The Joke-Publication of the Paxos Algorithm - nmc
http://research.microsoft.com/en-us/um/people/lamport/pubs/pubs.html#lamport-paxos

======
mcguire
_Buridan 's Principle_[1] is even better.

"My problems in trying to publish this paper and [22] are part of a long
tradition. According to one story I've heard (but haven't verified), someone
at G. E. discovered the phenomenon in computer circuits in the early 60s, but
was unable to convince his managers that there was a problem. He published a
short note about it, for which he was fired. Charles Molnar, one of the
pioneers in the study of the problem, reported the following in a lecture
given on February 11, 1992, at HP Corporate Engineering in Palo Alto,
California:

"'One reviewer made a marvelous comment in rejecting one of the early papers,
saying that if this problem really existed it would be so important that
everybody knowledgeable in the field would have to know about it, and "I'm an
expert and I don't know about it, so therefore it must not exist."'"

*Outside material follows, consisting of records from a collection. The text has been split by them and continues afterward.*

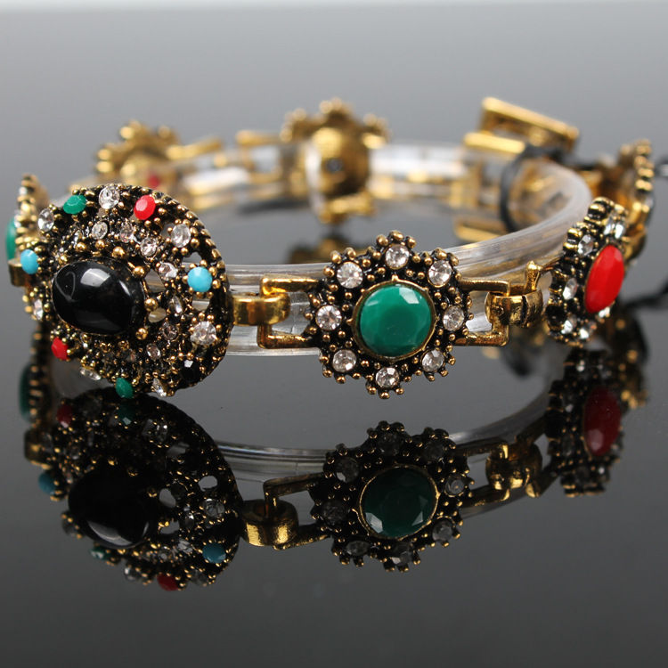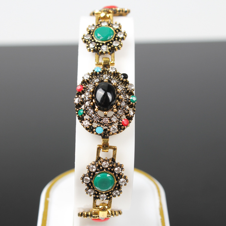 Браслет с цветными драгоценными камнями и бриллиантами в европейской и американской форме цветка Женский браслет Ювелирные изделия с гальваническим покрытием из сплава в наличии Мгновенно
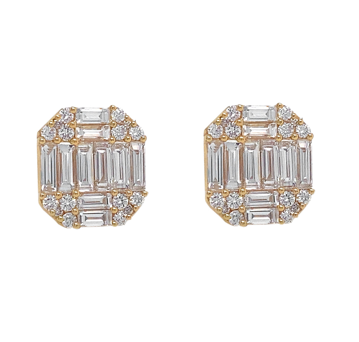 18kt yellow gold micro pave set baguette and round brilliant diamond cluster earring.
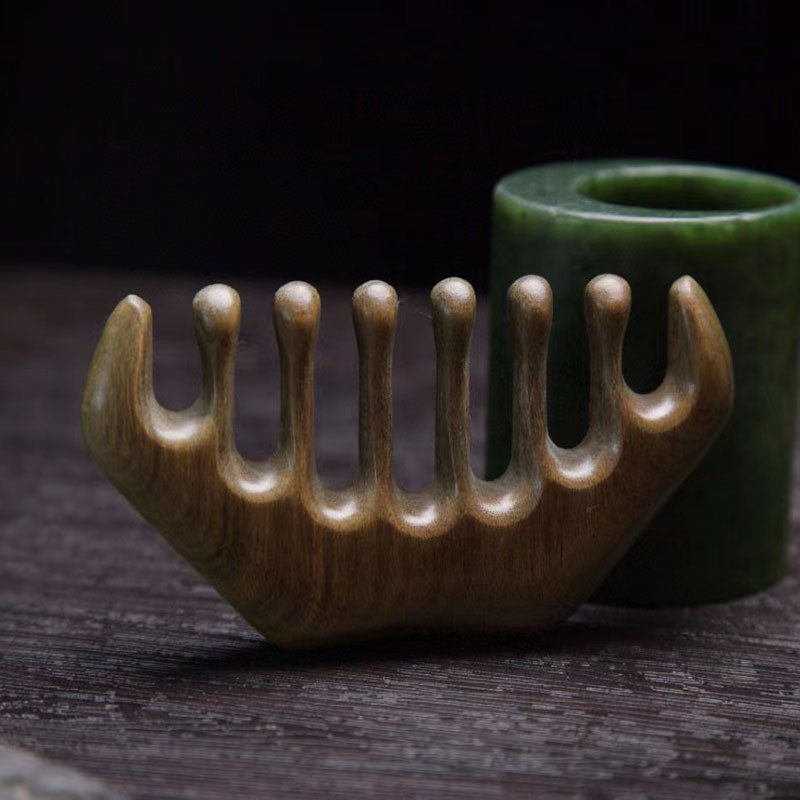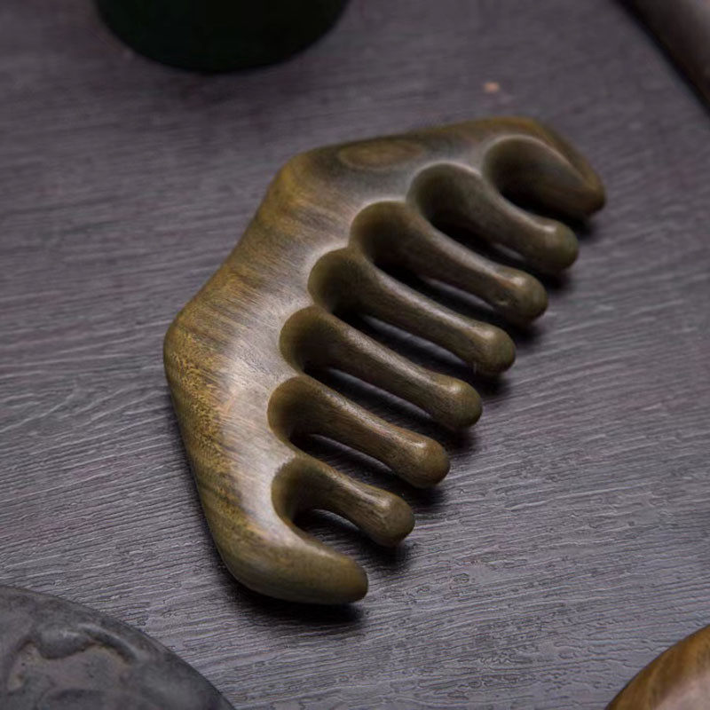 绿檀木拱形按摩梳大宽齿卷发梳子头部经络疏通防静电木梳子

[1] [http://research.microsoft.com/en-
us/um/people/lamport/pubs/p...](http://research.microsoft.com/en-
us/um/people/lamport/pubs/pubs.html#buridan)

------
kens
How does Paxos compare to the Bitcoin protocol? I've seen claims that Bitcoin
is the first practical solution to the Byzantine Generals Problem (e.g. from
Marc Andreessen recently), but it seems like Paxos is a better solution.
(Handles network partition, avoids arbitrary rollback, finite time to reach
consensus.)

Does anyone have a semi-rigorous explanation of what Bitcoin actually
accomplishes with BGP?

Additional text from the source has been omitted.